Rockefeller v. Kaiser Foundation Health Plan

554 S.E.2d 623, 251 Ga. App. 699, 2001 Fulton County D. Rep. 3035, 2001 Ga. App. LEXIS 1122
CourtCourt of Appeals of Georgia
DecidedOctober 3, 2001
DocketA01A1808
StatusPublished
Cited by11 cases

This text of 554 S.E.2d 623 (Rockefeller v. Kaiser Foundation Health Plan) is published on Counsel Stack Legal Research, covering Court of Appeals of Georgia primary law. Counsel Stack provides free access to over 12 million legal documents including statutes, case law, regulations, and constitutions.

Bluebook
Rockefeller v. Kaiser Foundation Health Plan, 554 S.E.2d 623, 251 Ga. App. 699, 2001 Fulton County D. Rep. 3035, 2001 Ga. App. LEXIS 1122 (Ga. Ct. App. 2001).

Opinion

Phipps, Judge.

Kimberly Rockefeller brought this medical malpractice action against a health maintenance organization (HMO) of which she was a member and against various of its corporate affiliates and individual employees. She complains that a physician’s assistant (PA), supervised by physicians who had not been approved by the Composite State Board of Medical Examiners (the Board), treated her and performed tasks not authorized by his job description on file with the Board. For these reasons, she claims that the defendants committed negligence per se by violating the Physician’s Assistant Act (PAA or the Act) 1 and regulations implemented by the Board under the Act. 2 She moved for partial summary judgment on her claim of negligence per se. The trial court denied the motion. We granted Rockefeller’s application for interlocutory appeal.

Rockefeller was a member of an HMO incorporated as Kaiser Foundation Health Plan of Georgia and doing business as Kaiser Permanente. Dr. Bruce Sabin was her primary care physician. He was employed by a Kaiser subsidiary at the Gwinnett Medical Center on Pleasant Hill Road in Duluth. Drs. Sean Murphy and Martin Ettinger and PA Jimmy McPeters were also employed there. Sabin filed an application with the Board for utilization of McPeters as a PA. Although certain other physicians were listed as additional supervising physicians, Murphy and Ettinger were not.

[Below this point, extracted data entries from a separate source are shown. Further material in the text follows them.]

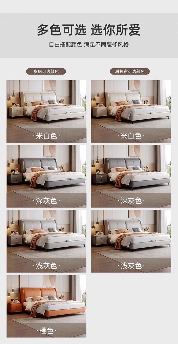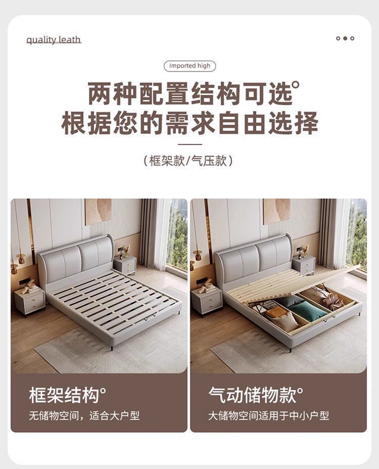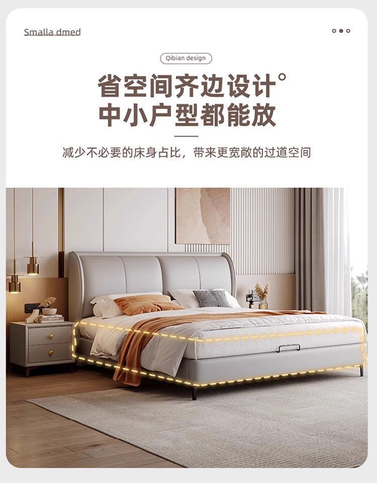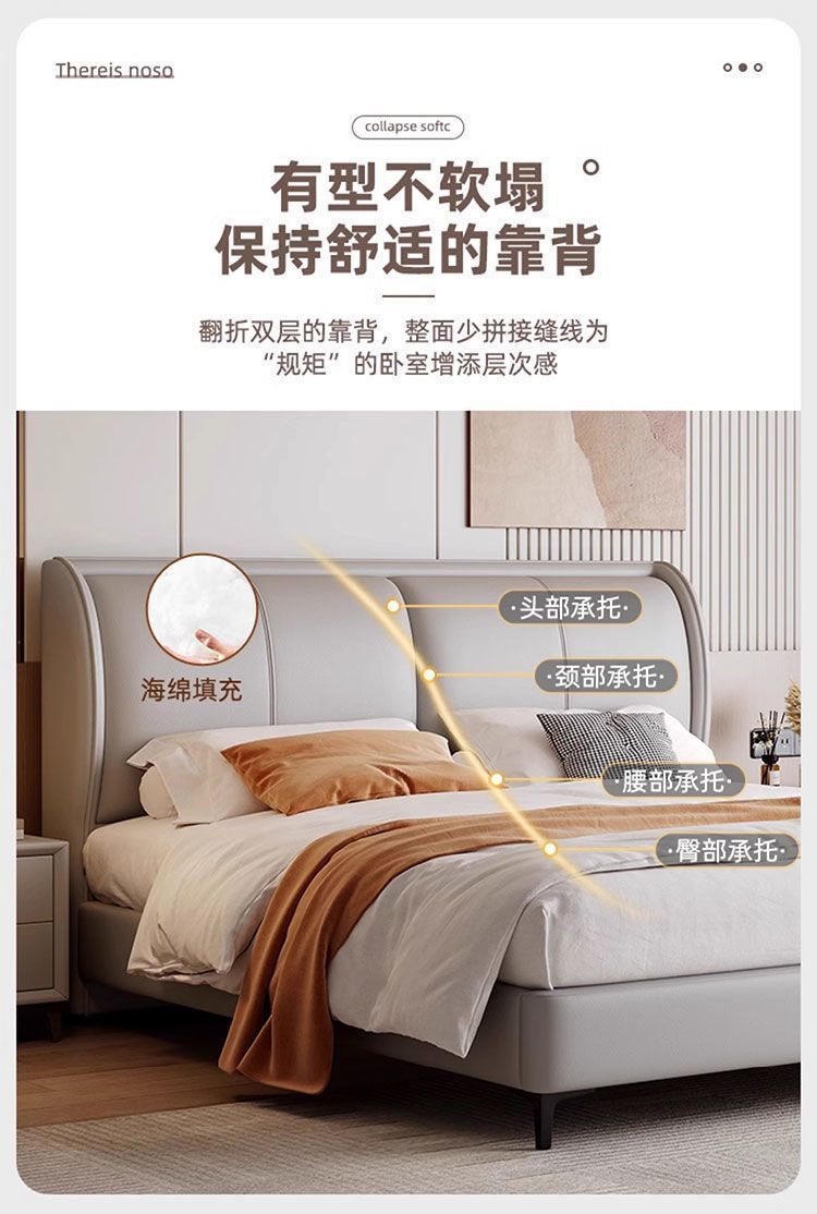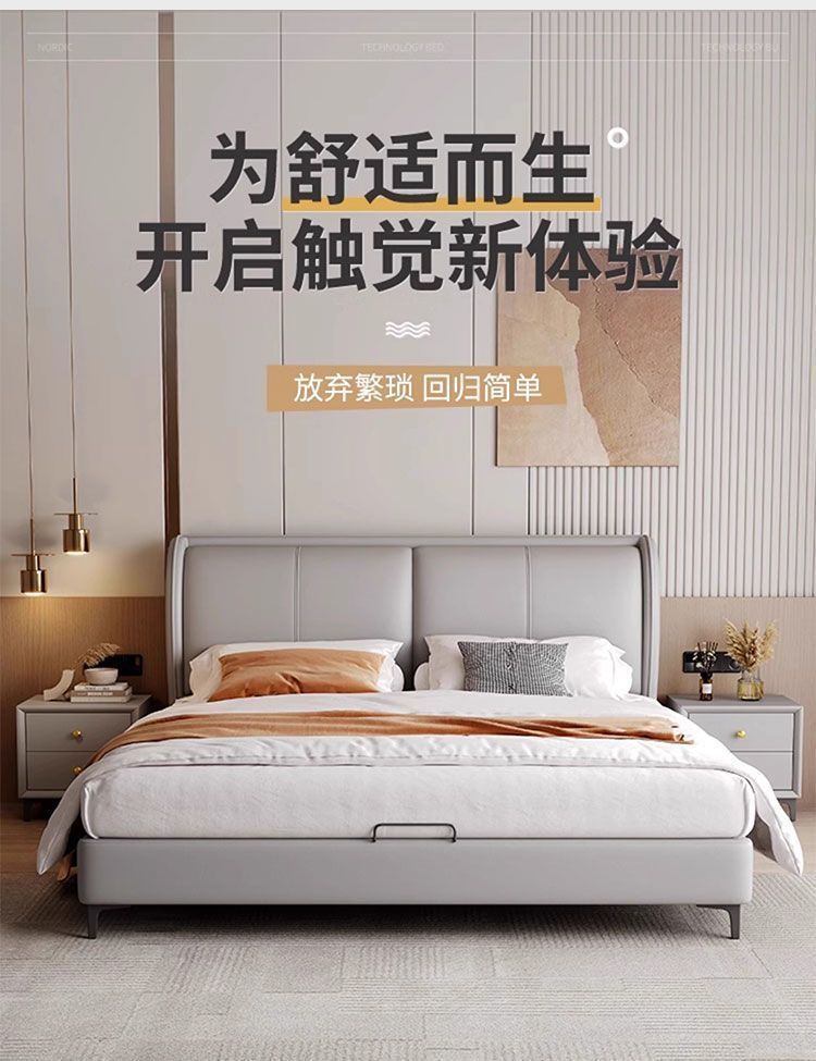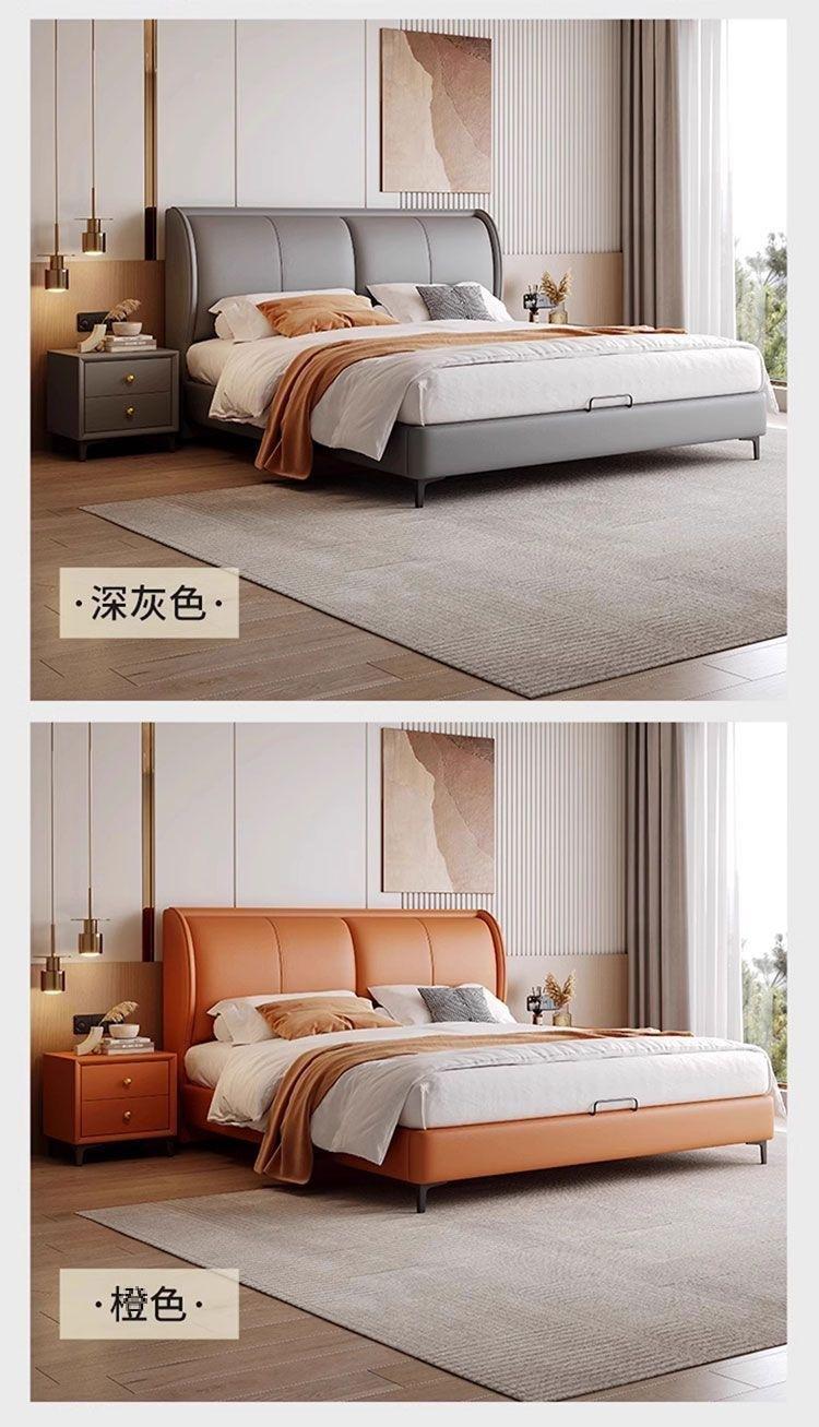 Cama de cuero estilo italiano, ligera, lujosa, moderna y sencilla, cama doble de cuero, 1,5 m, para casa, 1,8 m, para dormitorio principal, cama de madera maciza.
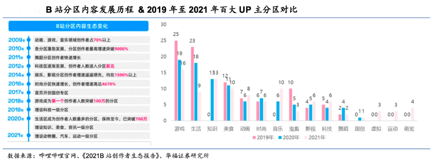 經典案例:根據嗶哩嗶哩官網、《2021 B站創作者生態報告》、華福證券研究所等綜合資訊表明,2019 年是 B 站破圈元年,包括舉辦2019 年跨年晚會《bilibili 晚會:2019 最美的夜》、購買《英雄聯盟》全球總決賽 S10 至S12(2020 年至 2022 年)的中國獨家直播權、邀請明星、學術大咖和社會機構 進駐等破圈動作都卓有成效,促進了社區本身內容品類的多元化。對比 2021 年與 2019 年的 B 站百大 UP 主,UP 主們的背景更加多元化,所在的分區數量從 9 個增加到 15 個,新增了虛擬、萌寵、運動、音樂、國創和知識 6 個板塊。
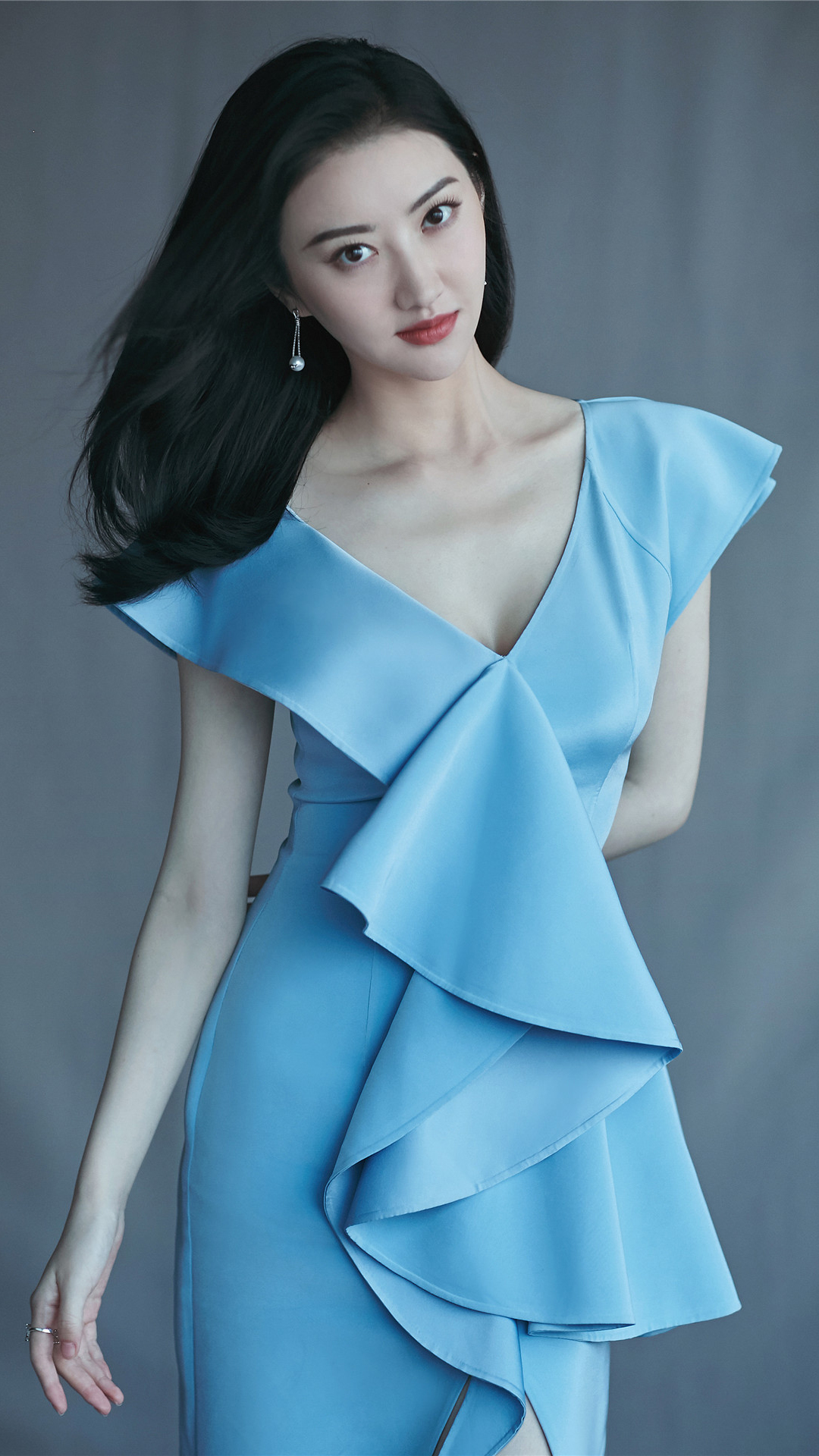 迪丽热巴cosmo红毯造型 / 身着蓝色闪片大v领礼服裙
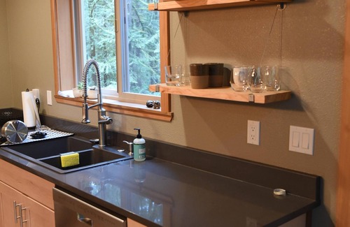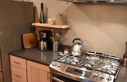 Designed as a romantic getaway, the house also has a comfortable queen sofa / bed in the living room in front of the fireplace. There is a bathroom off the kitchen on the main floor and a master bath off the cozy loft bedroom. The fully equipped gourmet kitchen is stocked with everything you'll need to complete your delicious creations.
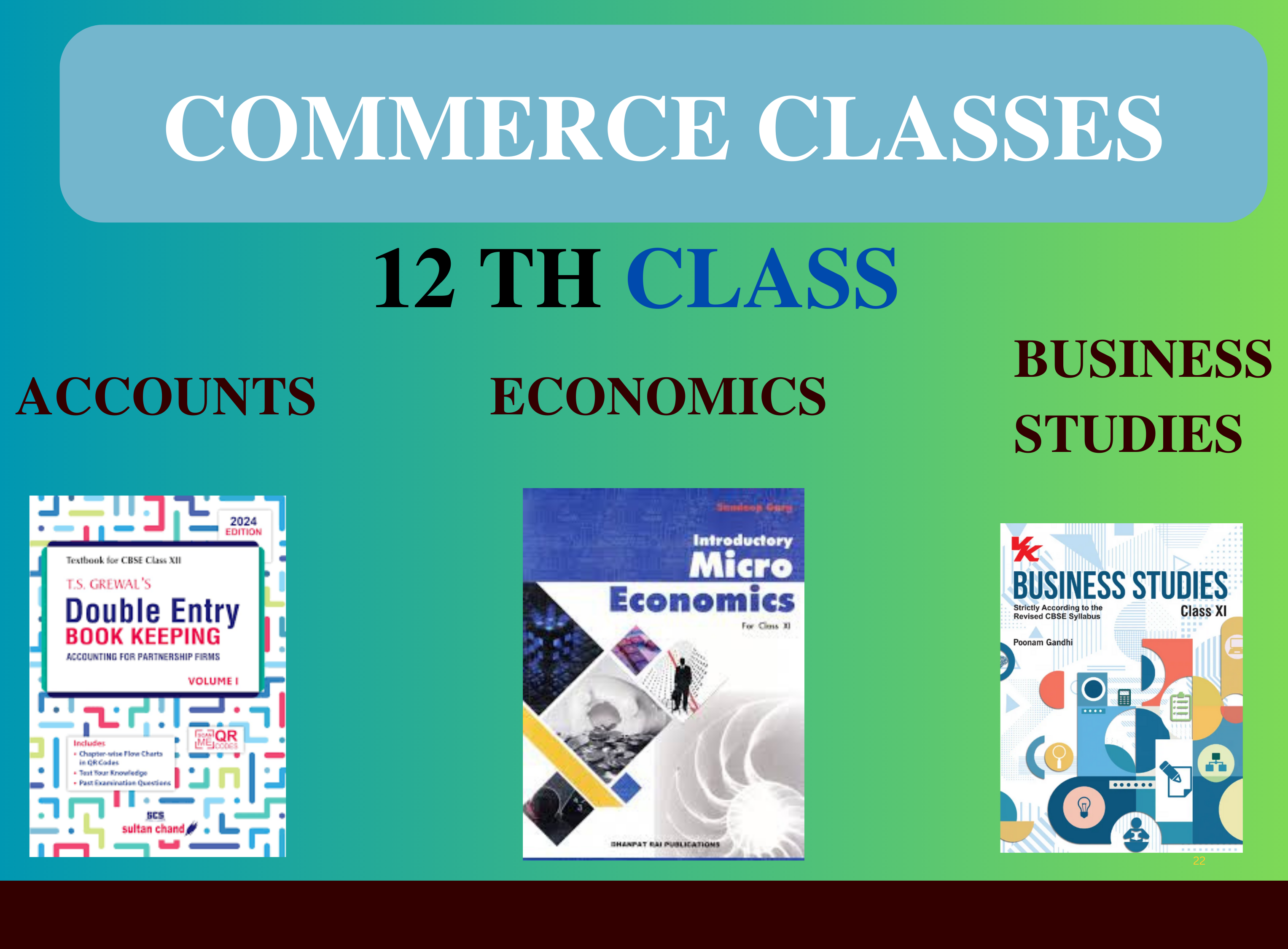 This course is designed for 12th commerce students to build a strong foundation in Accounting, Economics, and Business Studies. It covers concepts, theories, and practical applications to help students excel in their board exams and future careers.
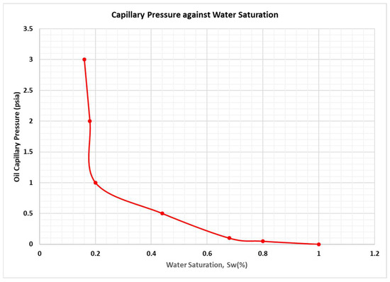 The oil water relative permeability curves are shown in Figure 4. It should be noted that Figure 4 and Figure 5 represent baseline oil characterization data. From Figure 4, the oil–water relative permeability curve intersects at a water saturation of 0.54. The reservoir can thus be described as water-wet. From Figure 5, the residual oil saturation and irreducible water saturation was calibrated to capture the behavior of asphaltenic crude systems under CO2 flooding.
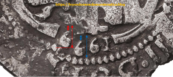 2) Los trazos azules y rojos marcan la posición de tres elementos del cuño. Trazo de cruz, dígito 6 y orla. Los tres elementos del mismo color, están a la misma distancia. Eso es prueba suficiente de que están así en el cuño. Posición y orientación.
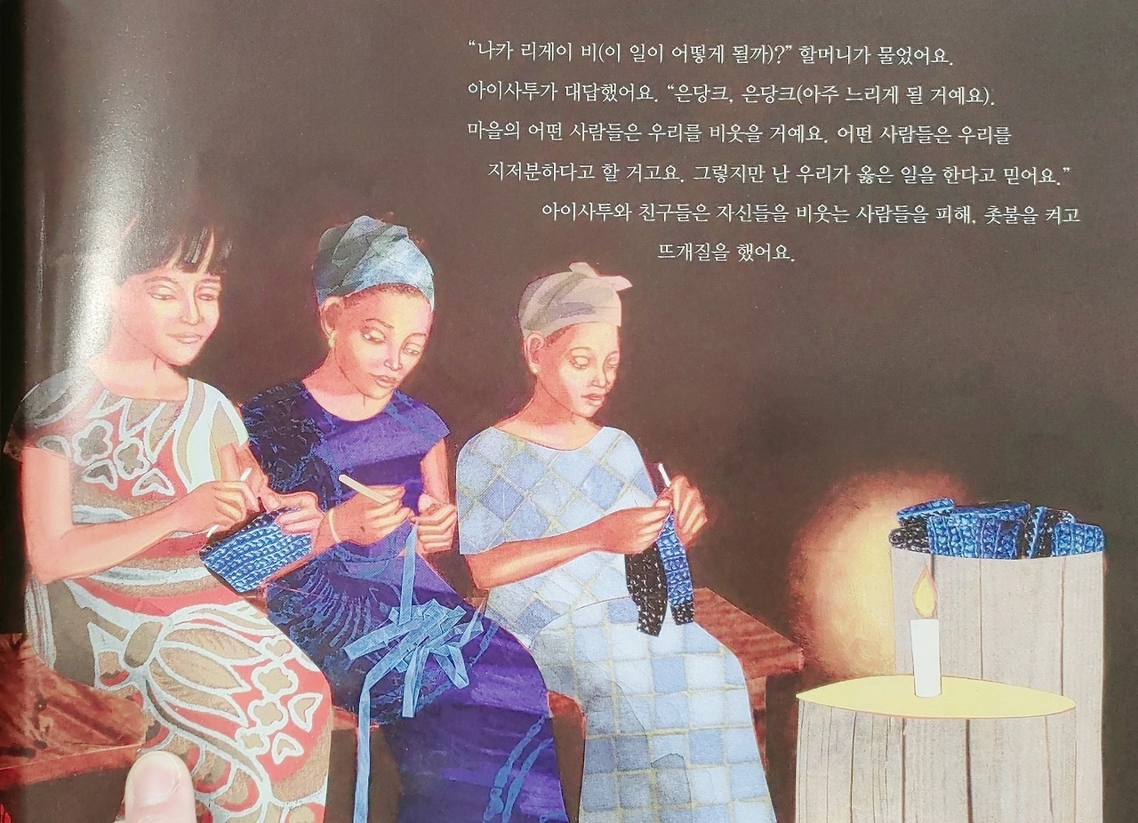 더러운 비닐봉지를 씻고, 자르고, 뜨게 바늘로 지갑을 뜨며 나누는 할머니와 아이사투의 대화가 가슴 찡하게 다가온다.
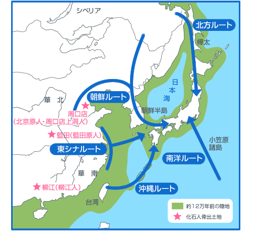 大陸から日本に陸地メインで来ようとすれば、朝鮮半島とかロシア、中国から日本海を渡って来るのが普通だろ?
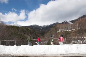 3月3?4日に行われた乗鞍高原子どもパークレンジャーの二日目は、「雪上パトロール」と題して、休暇村から善五郎の滝を見学に行きました。雪道の途中では動物の足跡を探したり、自然を観察しながら歩きました。
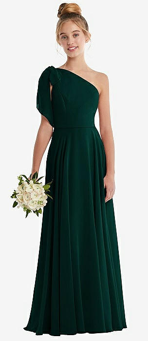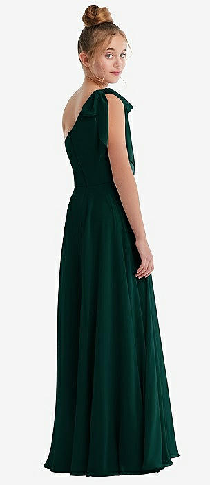 One-Shoulder Scarf Bow Chiffon Junior Bridesmaid Dress in evergreen
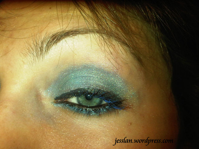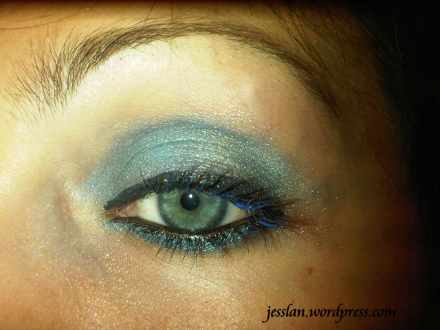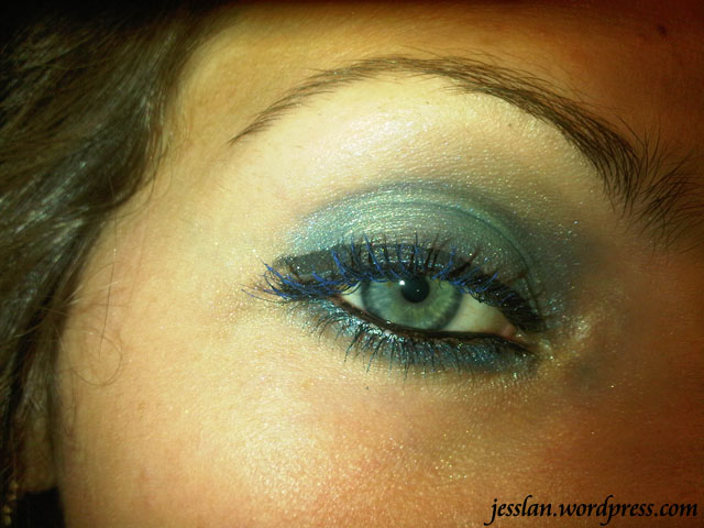 Ho usato la polvere blu della ELF nella parte esterna dell’occhio e nella parte interna ho usato l’ombretto azzurro chiaro della Project. Sotto l’occhio ho applicato la matita azzurra di Kiko, nella rima interna ho applicato la matita kajal nera di Kiko e sulla palpebra mobile l’eyeliner Precision di Kiko. Il mascara è sempre l’infinito mascara Curve Creator di Deborah, sopra al quale ho applicato anche il mascara azzurro di Extreme (quasi secco, ma l’ho rianimato).
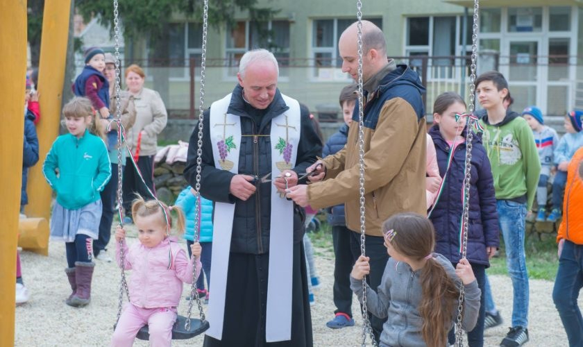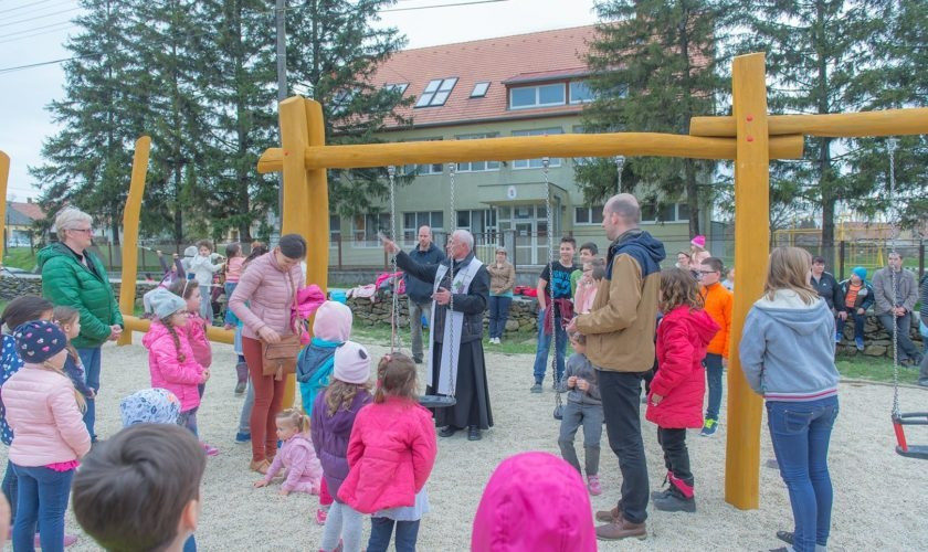 Illés Sándor atya köszöntőjében kifejezte: nagy öröm számára a játszótér megvalósulása, hiszen a gyermekek így közelebb kerültek a plébániához, a szülők pedig közösségi teret kaptak a találkozás örömének megéléséhez.

McPeters’s “basic job description” on file with the Board authorized him to “order/select a dangerous drug or controlled substance or order medical treatments or diagnostic studies in any health care setting in accordance with [Board] Rule 360-5-.07 (8)” and to “perform those routine medical treatments and diagnostic procedures for *700 which he/she is qualified by training and which fall within the normal scope of practice of the supervising physician as delegated by the supervising physician.” McPeters also was authorized by his job description to “gather data base on all new patients or established patients with new problems to include a complete medical history and physical examination, medical record review, appropriate initial diagnostic studies, and will be responsible for transmitting that information to the supervising physician(s) for review.” If a “life threatening emergency situation” arose when the supervising physician was not present, McPeters was authorized to “initiate appropriate evaluation and treatment.”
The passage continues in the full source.